Curving of the rotor blade 16 may entail bending the rotor blade 16
in a generally flapwise direction and/or in a generally edgewise
direction. The flapwise direction is a direction substantially
perpendicular to a transverse axis through a cross-section of the
widest side of the rotor blade 16. Alternatively, the flapwise
direction may be construed as the direction (or the opposite
direction) in which the aerodynamic lift acts on the rotor blade
16. The edgewise direction is perpendicular to the flapwise
direction. Flapwise curvature of the rotor blade 16 is also known
as pre-bend, while edgewise curvature is also known as sweep. Thus,
a curved rotor blade 16 may be pre-bent and/or swept. Curving may
enable the rotor blade 16 to better withstand flapwise and edgewise
loads during operation of the wind turbine 10, and may further
provide clearance for the rotor blade 16 from the tower 12 during
operation of the wind turbine 10.
[0026] Still referring to FIG. 2, the rotor blade 16 further
comprises a joint 100. The joint 100 connects a first blade segment
101 to a second blade segment 102 at some cross section along the
length of the span 42. It should be appreciated that the first
blade segment 101 and the second blade segment 102 may be any
suitable adjacent blade segments 20. For example, in some
embodiments, such as that illustrated in FIG. 2, the first blade
segment 101 may extend from blade tip 22 and the second blade
segment 102 may extend from blade root 24. In other embodiments,
first blade segment 101 may extend from blade tip 22 and second
blade segment 102 may be an intermediate blade segment 20, or first
blade segment 101 may be an intermediate blade segment 20 and
second blade segment 102 may extend from blade root 24, or both
first blade segment 101 and second blade segment 102 may be
intermediate blade segments 20.
[0027] Joints 100 according to the present disclosure may allow for
more efficient and on-site connection of adjacent blade segments
20. For example, a joint 100 may allow for access to and connection
of blade segments 20 from external to the joint 100 and blade
segments 20. Additionally, joint 100 can utilize mechanical
fasteners for connection to at least one of the adjacent blade
segments 20, thus allowing for easier connection and inspection
thereof. Such joints 100 may further allow for disassembly of the
various adjacent blade segments 20 after the rotor blade 16 has
been formed, thus allowing for the removal of individual blade
segments 20 for inspection, maintenance, replacement and/or
upgrading.
[0028] As best illustrated in FIGS. 2-6, the joint 100 comprises a
center area 37 between the leading edge 36 and the trailing edge 38
and comprises a plurality of bolts 120 connecting the first blade
segment 101 to the second blade segment 102. As used herein,
"bolts" refer to any rigid structure that can secure to both the
first blade segment 101 and the second blade segment 102 and
support the connected structure when the rotor blade 16 is used in
operation. For example, in some embodiments, the bolts 120 can
comprise a first end comprising a head (such as one that can be
rotated via a wrench, pliers, socket or the like) and a second end
comprising threads. In some embodiments, the bolts 120 can comprise
threads on both ends. In even some embodiments, the bolts 120 can
comprise a relatively smooth surface or tapered surface. Likewise,
the bolts 120 can comprise any material possessing the requisite
characteristics to support the joint 100 such as one or more
metals, alloys or other suitable materials.

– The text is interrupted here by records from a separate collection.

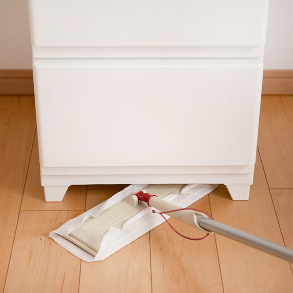 脚と床の間には約3cmの隙間があり、フローリングワイパーなどを入れてお掃除をすることが出来ます。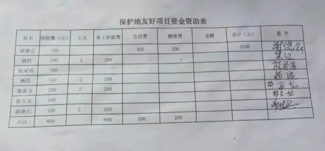 忇会志愿者4人巡山1次,为期2天,给予每人200元补助;给7人购买了意外保险,其中6人100元,1人200元;巡护生活开支300元,车辆加油200元;总开支2100元。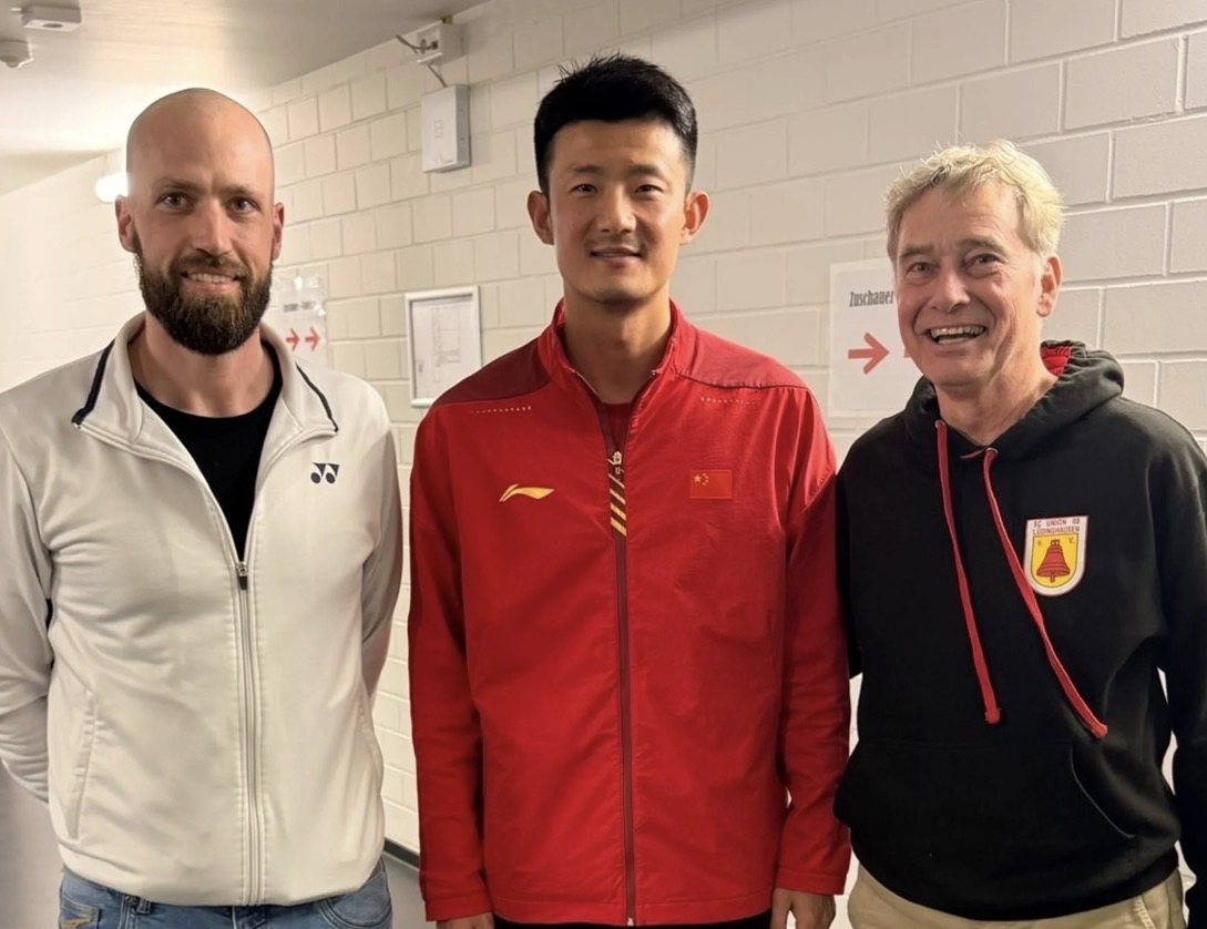 Begegnung am Rande des Badmintonturniers: Der ehemalige Olympiasieger und doppelte Weltmeister Chen Long, jetzt Trainer der chinesischen Jugendnationalmannschaft, wird umrahmt von Ralf Kemper (rechts), zweiter Vorsitzender der Badmintonabteilung und Sportwart Frederik Stegemann.  Foto: privat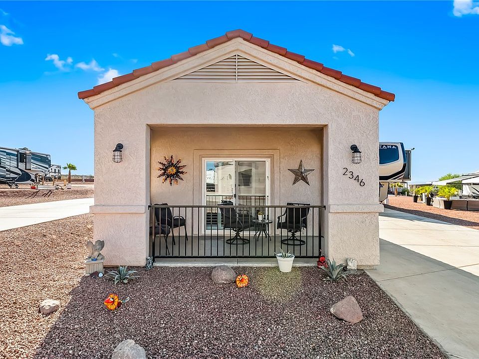 Own your slice of paradise in Vista Del Sol! This beautifully designed 1-bedroom, 1-bath home offers 606 sq ft of living space in Bullhead City s premier 5-star 55+ gated RV resort community. The open floor plan features a modern kitchen with stainless appliances, granite counters, and white shaker cabinets. Light and bright interior with upgraded flooring and stylish finishes. Enjoy your morning coffee on the cozy covered front porch or entertain on the expansive patio. The bedroom includes ample storage and direct access to the full bath with walk-in shower. An additional space for parking utv, golf cart, storage, or workshop use. Vista Del Sol offers resort amenities including two pools (one heated year-round), spa, pickleball courts, fitness center, woodworking shop, dog park, clubhouse, and endless social activities. Perfect for full-time living or a winter getaway near the Colorado River, Laughlin casinos, and desert trails.
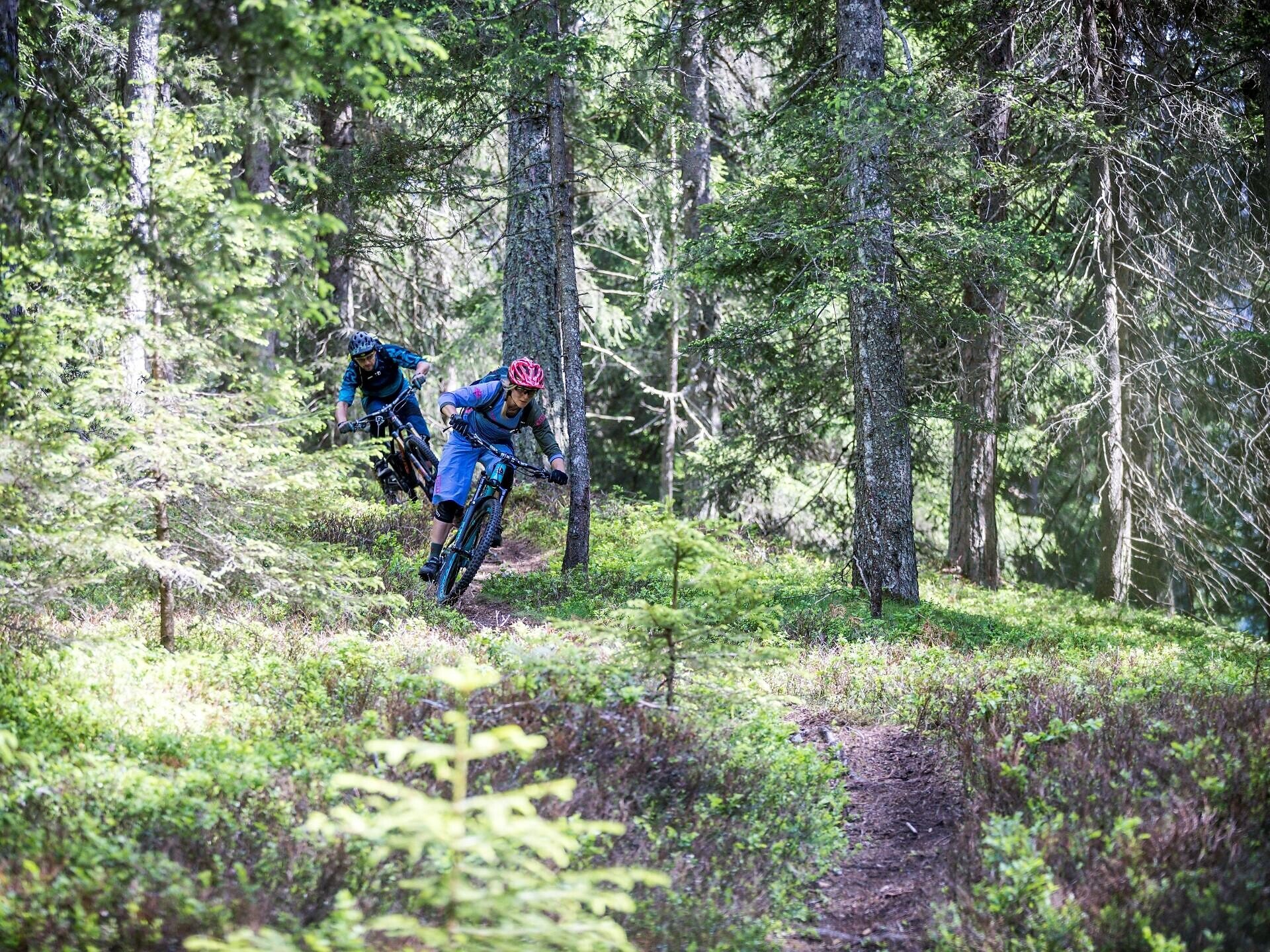 Mittelschwierige Linie mit natürlichen Elementen wie Wurzeln und Steinen, enge Kurven und Holzelemente.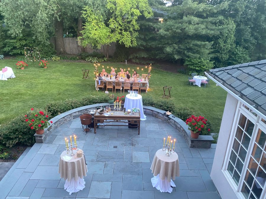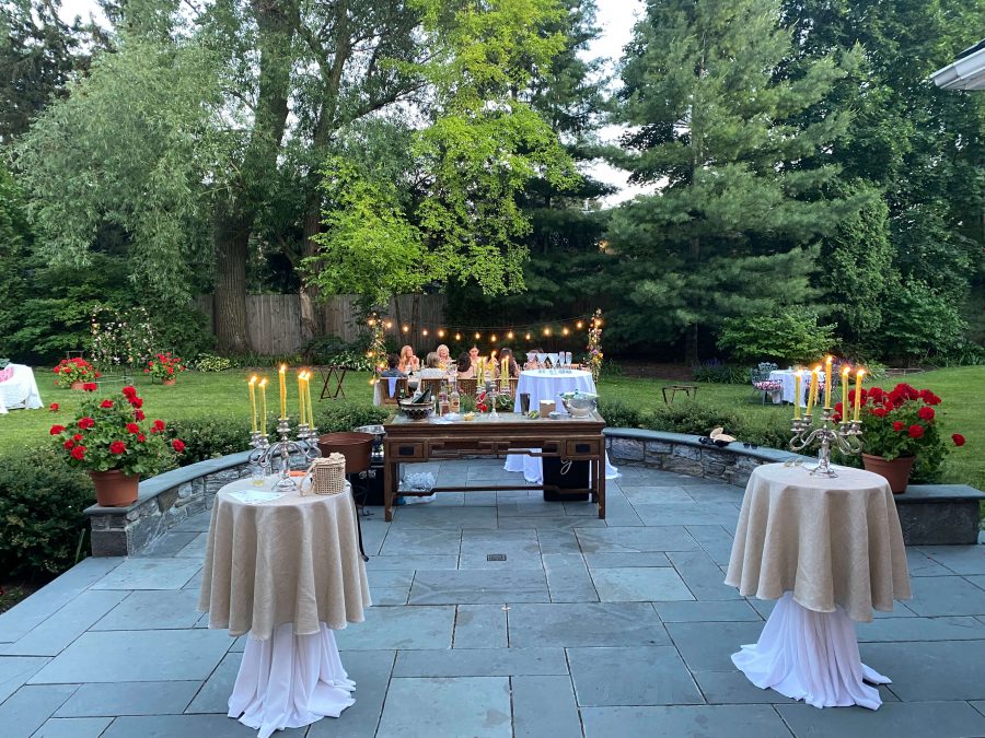 Several weeks ago, we showered my oldest daughter’s best friend bride-to-be Stephanie with a lovely cocktail hour and sit-down dinner in our city garden back yard.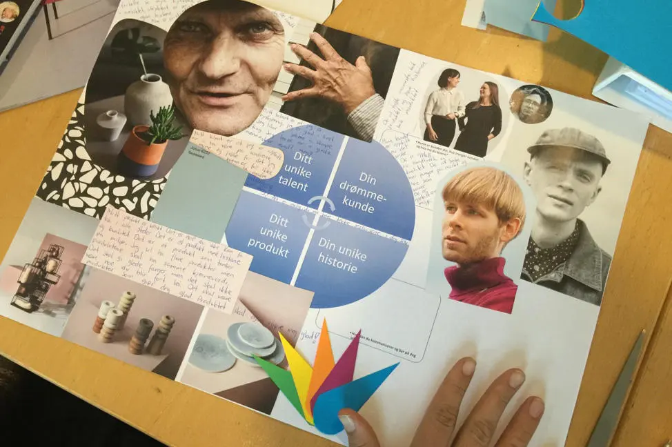 Etter fysiske prøvelser med ulike teknikker, metoder materialer og verktøy, ble neste samling igangsetting av tankeprosesser. Definere drømmer og visjoner ved å lage moodboards var hjemmelekse, og her fortsetter vi med å sette det hele i system. - 6/24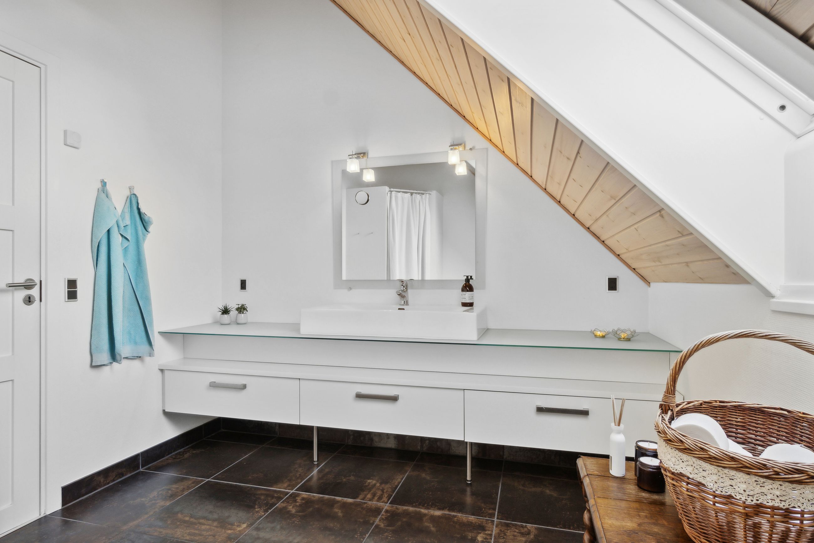 I stueplan findes desuden to store, lyse værelser og et badeværelse, indrettet med nyere JKE-interiør og brus.
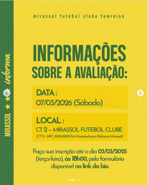 Fala galera que curte o FP \o/, Mirassol FC-SP divulgou as informações das suas avaliações de 2026! Confiram tudo a seguir: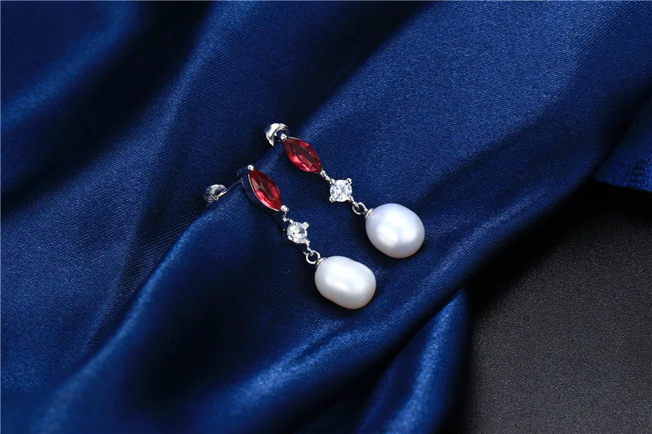 Красный создания свисающие серьги с рубином, 925 стерлингового серебра Серьги для женщин 100% натуральный жемчуг серьги, модное ювелирное изделие, 2019 Новый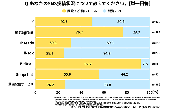さらに「SNSの投稿および閲覧の状況」を聞くと、「TikTok」や「動画配信サービス」は7割以上が「閲覧のみ」だったが、「BeReal.」は92.2%が投稿も行っていた。BeReal.は“投稿しないと他の人の投稿が閲覧できない” 仕組みとなっており、それが影響していると考えられる。他では、Instagram、X、Snapchatが投稿も活発だった。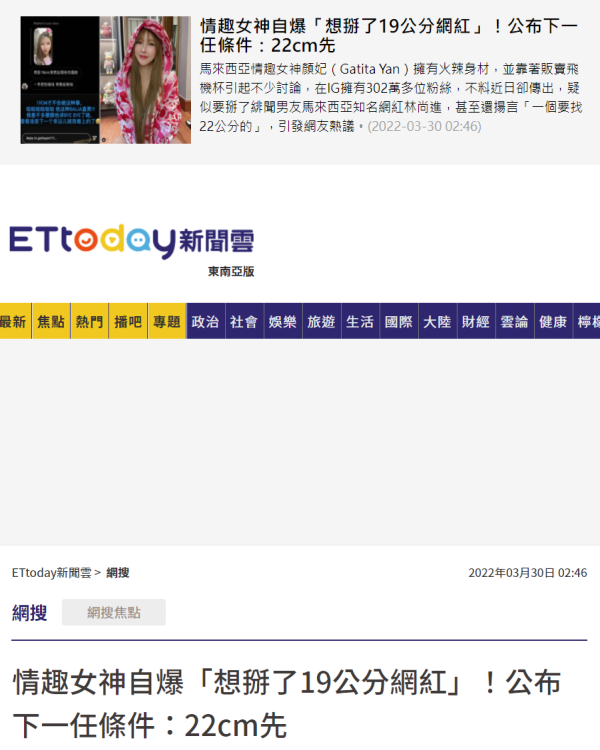 文中指出,Gatita和林尚进虽未正式承认恋情,但却时常分享2人暧昧照片,女方甚至大方承认林尚进不只有19CM,宽度还达4.7CM,但未明讲是什么部位,引人遐想。
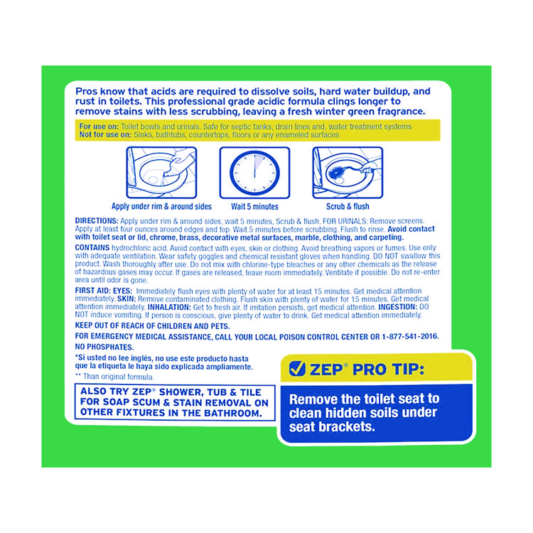Zep Acidic Toilet Bowl Cleaner, Mint, 32 oz Bottle, 12/Carton (ZPEZUATBC32)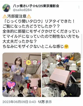 テレビではボカシが入れられていたが、八ッ橋は自身のツイッターで「全体的に部屋にモザイクかけてくださっていてマイルドになっていたので耐性ない方でも大丈夫だったかな?ちなみにモザイクないとこんな感じ」と部屋の様子を投稿。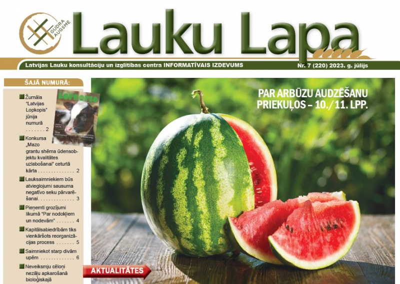Informatīvā izdevuma “Lauku Lapa” jūlija numurā mūsu augkopības speciālisti raksturo situāciju laukos pēc ilgstošā sausuma perioda un tā potenciālo ietekmi uz gaidāmo ražu, kā arī informējam par Zemkopības ministrijas paredzētajiem atvieglojumiem, sniedzot palīdzību sausuma negatīvo seku pārvarēšanai.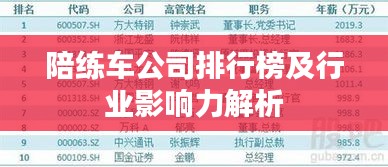 随着驾驶陪练行业的迅速发展,陪练车公司如雨后春笋般涌现,本文将针对陪练车公司的排名及其行业影响力进行探讨,以便读者更好地了解这一领域的现状和未来趋势。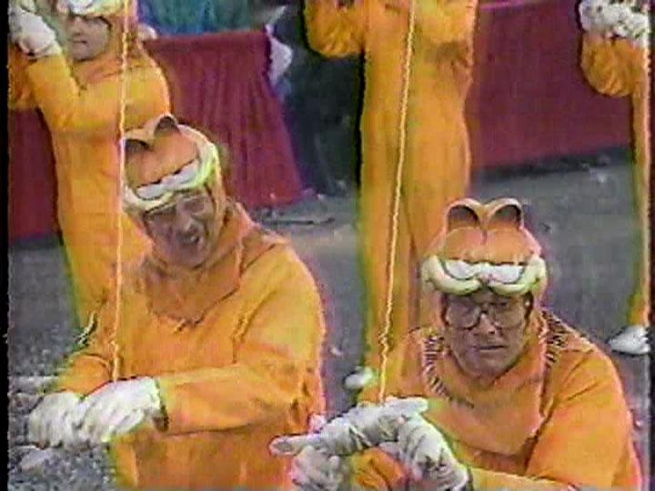 The first balloon of the 1988 Parade was Garfield, and they hyped him up so much that I thought this had to be his first appearance. A little research told me it was not, but Willard was sure into Garfield this year. But hey, who wasn't? It was his tenth anniversary; there were TV specials and tons of merchandise and the world debut of Garfield and Friends. The only people who don't look into Garfield are the miserable guys in these degrading outfits: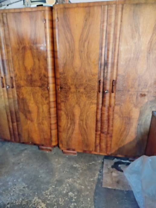 Prodajemo komplet starinskog namještaja - ručni rad, a sastoji se od: dva ormara, komoda sa ogledalom, okrugli stolić i dvije stolice.

[0029] The bolts 120 utilized in the joint 100 comprise non-uniform
sizes across the joint. The "size" of the bolt can refer to any
dimensional measurement (i.e., size parameter) such as its length,
cross sectional area, weight or other dimension that would have an
effect on its support capabilities in the joint. Furthermore, the
size of the bolt 120 utilized in the joint 100 can depend on its
location within the joint 100 with respect to the leading edge 36,
center area 37 and trailing edge 38. Particularly, larger and
stronger bolts 120 may be disposed more proximate the center area
37 since the center area 37 may sustain relatively larger forces
during the operation of the rotor blade 16. Likewise, smaller bolts
120 may be disposed more proximate the ledge edge 37 and trailing
edge 38 since those locations sustain relatively smaller forces
during operation of the rotor blade 16.
[0030] For example, referring to FIGS. 3-6, in some embodiments,
the plurality of bolts 120 can include a first bolt 121, a second
bolt 122, and a third bolt 123. The first bolt 121, second bolt 122
and third bolt 123 can comprise different lengths such that at
least one of the three bolts 121, 122 and 123 are longer than the
other two. In some embodiments, all three bolts 121, 122 and 123
may have different lengths. In other embodiments, two of the bolts
(e.g., the first bolt 121 and the second bolt 122) may each have a
first length and the other bolt (e.g., the third bolt 123) may have
a second length different than the first length.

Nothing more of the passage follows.